How do I remove sound from a clip in a timeline?

fallen wrote on 6/4/2010, 11:42 AM
I have a video in my timeline which consists of many clips. I need to remove the sound, or mute it, from 2 or 3 clips. When I select the clip and click the mute button the entire timeline gets muted. So how do I delete or mute sound from just 1 or 2 clips? Vegas Help is not helping me so maybe someone here has a simple answer?

Comments

gpsmikey wrote on 6/4/2010, 11:50 AM
Yes - one of those things if you know the answer, it is easy otherwise you go nuts looking for it :-) Select the clip you want to remove the audio from. Hit "u" to ungroup. The sound and video are now separate and you can delete the audio by selecting it and hit delete. (took me a while to find that one also).

mikey
cold ones wrote on 6/4/2010, 11:54 AM
To mute: right-click on the audio clip, then select Switches:Mute.

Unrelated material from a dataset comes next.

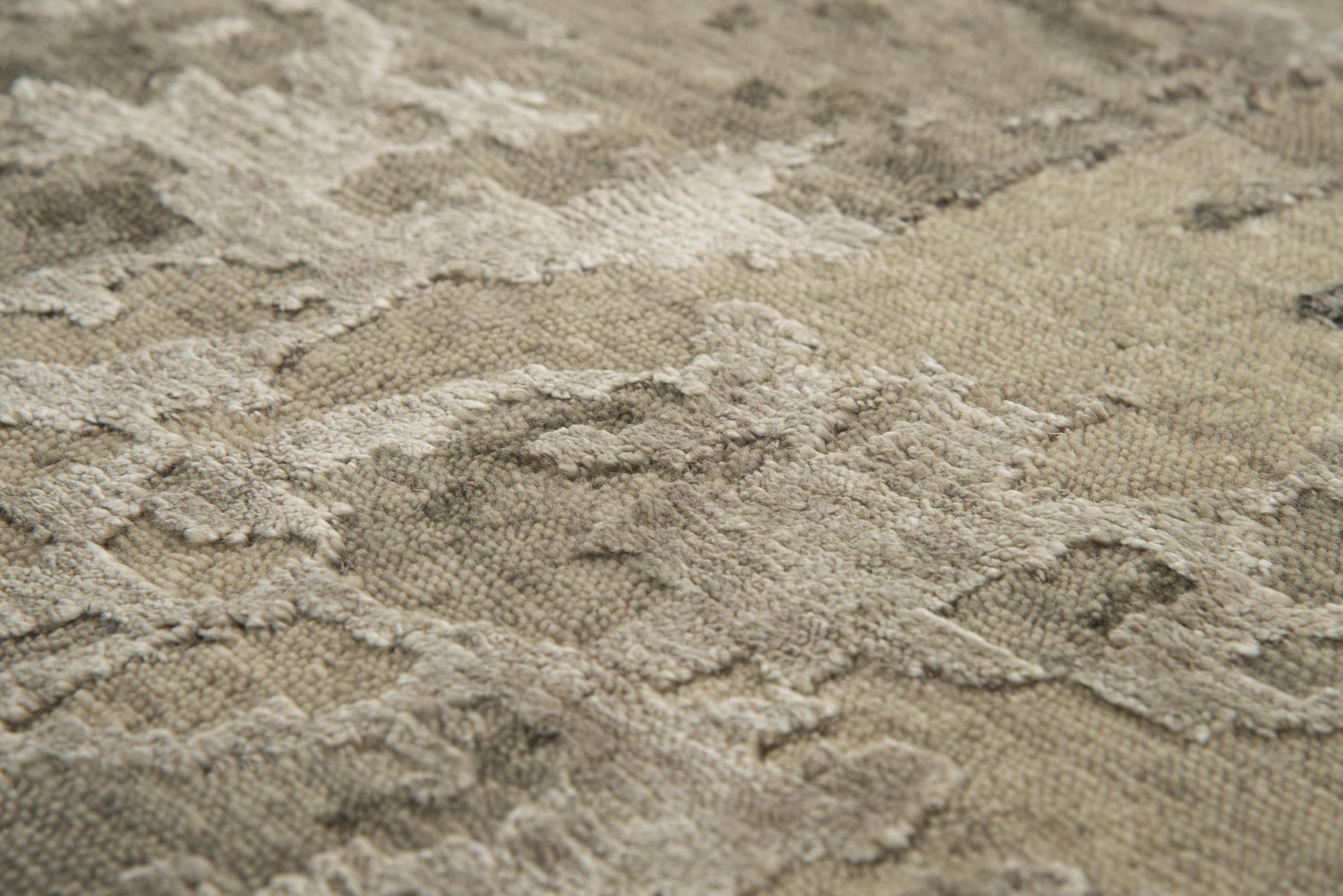 This collection is created by tying each knot by hand exactly as fine authentic made carpets have been made for centuries. Constructed primarily of fine, soft New Zealand Wool and accented with shimmering Tencel for contrasting highlights. To enhance the overall design, each piece is meticulously carved by a skilled artisan adding texture and drama then hand surged and hand washed to produce a rich luster.

To delete: click the Ignore Event Grouping button on the toolbar at the top of the screen, select the audio event, and delete. Click Ignore Event Grouping button again to keep re-group events.
fallen wrote on 6/4/2010, 11:59 AM
Mikey, thanks for the reply but it's still not working! This is driving me crazy. I select a clip and associated video by double-clicking on one clip out of dozens in the timeline. I then right-click on the selected clip, go to Group to click Ungroup but ALL selections under Group are faded, as in not available. Any other suggestions?
baysidebas wrote on 6/4/2010, 12:00 PM
When you remove the audio, I hope that there is other audio to fill its place, that's why recording "room tone" is an important part of production. If you don't, then the viewer will get the impression that the audio just failed.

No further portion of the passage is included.